Acquiring a new asset or business entails risk, but private equity fund managers, corporate executives, risk managers, and other stakeholders can mitigate some of the uncertainty with the right kind of contractual protections in the underlying purchase agreement. Participants in mergers and acquisitions (M&A) are also increasingly using representations and warranties (W&I or warranty and idemnity insurance).
Marsh’s team of experienced transactional risk professionals can help you build effective W&I insurance policies to protect against unintended contractual misrepresentations made during negotiations of corporate M&A transactions. We can help you build programs that enable you to shift a significant portion of your transactional risk to an insurer rather than retaining it on your balance sheet.
Benefits for Buyers and Sellers
Once considered a specialty insurance product for which there was little demand, R&W insurance is now a commonplace feature in the global M&A landscape. Standard practice in most auction processes is for sellers to instruct buyers to obtain R&W insurance as part of the purchase agreement negotiations.

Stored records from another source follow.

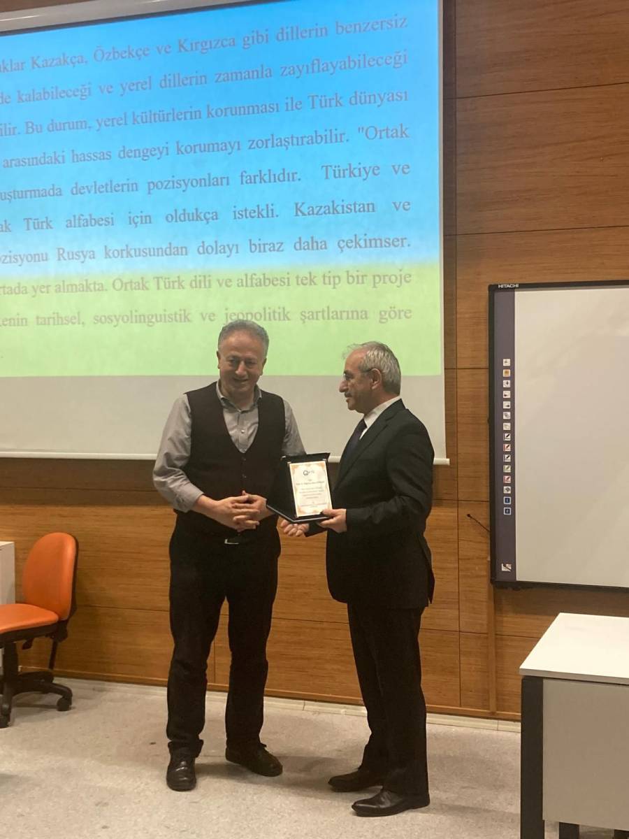 Etkinlikte, 1926 yılında düzenlenen Bakü Türkoloji Kurultayı’nın Türk dili ve edebiyatı araştırmaları açısından önemi ele alınarak, kurultayın Türkoloji çalışmalarına katkıları ve günümüze yansımaları değerlendirildi. Prof. Dr. Gökdağ, konuşmasında kurultayın tarihsel bağlamını, dönemin ilmî atmosferini ve alınan kararların Türk dünyası üzerindeki etkilerini ayrıntılı bir şekilde aktardı.
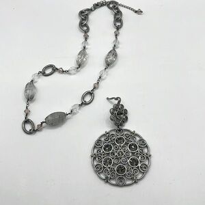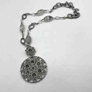 Elegant Lia Sophia necklace with intricate silver pendant. Features clear beads for a sophisticated look.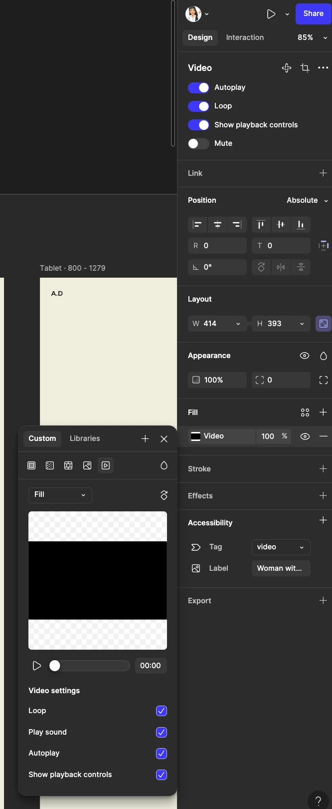 I recently noticed that Figma Sites now allows us to embed video directly into frames, as follow:

R&W insurance generally provides coverage for all representations and warranties of a target company or seller(s) contained in an M&A purchase agreement. The policy protects an insured against financial loss — including defense costs — resulting from breaches of such representations and warranties. This type of insurance can be used by public and private organizations in both traditional change of control transactions and non-control, minority investments.
The vast majority of W&I insurance policies are issued to buyers. However, either party — but not both — can be insured and can benefit from coverage.